Marcus Gardley is taking his healing to the stage. In a series of plays, the 36-year-old playwright is exercising his freedom of expression by creating satirical works about black men and prisons. 

From New York Times:

“You are the amalgam of the stories they were not able to get out to the world,” Mr. Gardley, a Yale School of Drama graduate, said of the characters. “There are fragments of reality, myth, fairy tale, cliché and stereotype.” He mentioned a scene in which the character Icarus, the teenage son of Deadlust (yes, that myth), yells for help as he is arrested. “I cried when I wrote this scene this morning,” he said, choking on the words.

Between last April and Wednesday, when “The Box” opens at the Irondale Center in Brooklyn, in aFoundry Theater production, there will have been 10 productions of seven of his plays across the country. They include “The Gospel of Lovingkindness,” about gun violence (the Victory Gardens Theater in Chicago); “Black Odyssey,” about a soldier journeying home to Harlem (the Denver Center for the Performing Arts); and “The House that will not Stand,” which, after its West Coast premiere, opens at Yale Repertory Theater on April 18 (Production No. 11).

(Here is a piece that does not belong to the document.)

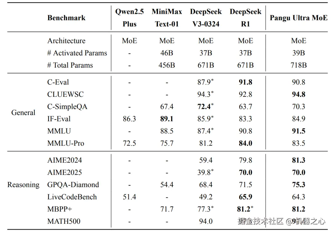 表 1: Pangu Ultra MoE 与目前主流模型效果对比

“My writing is like my ministry,” he said in a recent interview. “We have so many traumas and need so much healing in our communities. I want my work to be part of the healing process.”

Read more at New York Times

While Gardley has received positive reviews for his work, he contends that critics sometimes do not get his “ambitious, often nonlinear narratives, nor appreciate his unapologetically African-American aesthetic.

“For all its magical incantations, murder, lust, voodoo and exorcism, the narrative never casts a spell potent enough to stir the soul,” a critic for The San Jose Mercury News wrote of “House.”

Kudos to Mr. Gardley for unapologetically bringing the African American male narrative to the big stage.

What stories about black males would you like to see more of?